On Sat, Sep 05, 2015 at 10:16:17AM +0200, Sebastien Marie wrote:
> but be aware that some functions, like, `mblen' (used in sftp.c, so not
> in same context than `utf8_ok' I think), could copte badly with
> setlocale() call (man mblen extract): 
> 
>      Calling any other functions in libc never change the internal state of
>      the mblen(), except for calling setlocale(3) with the LC_CTYPE category
>      changed to that of the current locale.  Such setlocale(3) calls cause the
>      internal state of this function to be indeterminate.

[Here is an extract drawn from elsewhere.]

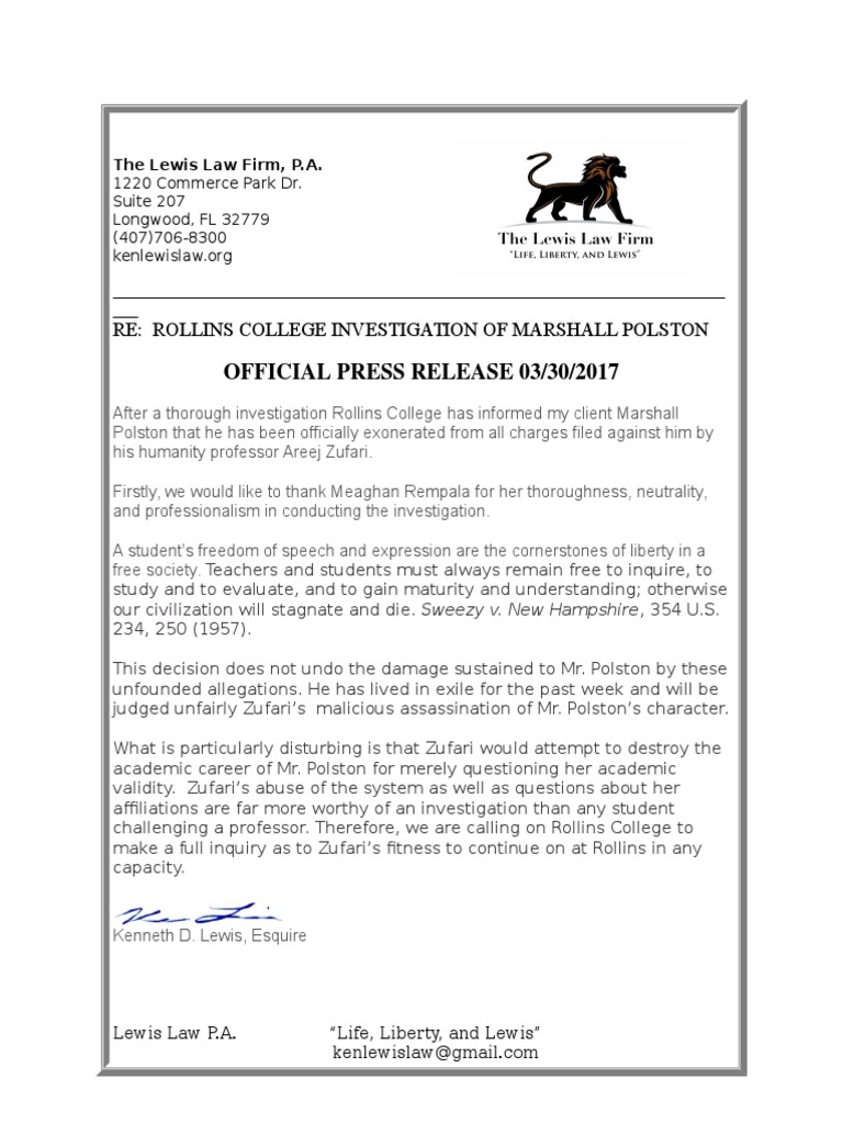 RE: ROLLINS COLLEGE INVESTIGATION OF MARSHALL POLSTON

Yes, there's a lot of local state in static buffers in locale-aware
libc functions which don't accept mbstate_t in their argument list.
For example, this state may be used to keep track of incomplete
multibyte sequences between calls. Another example is keeping
track of shift-states with encodings like Shift-JIS, which we don't
support as a locale but which should be taken into account where
portability matters.

Generally, setlocale() should be called only during program startup.
Somewhere at the top of main() is a good spot.
Or it may not be called at all and the program stays in the C locale
forever.

If the program uses threads, setlocale() should be called before any
threads are running. Once OpenBSD has xlocale support, threads may
override their thread-specific locale settings with uselocale().
Until then, all threads will be using the same locale.

That's what I make of our implementation and POSIX. I'm not sure
if all this applies to every OS. But I suspect sticking with these
guidelines ensures the software remains portable.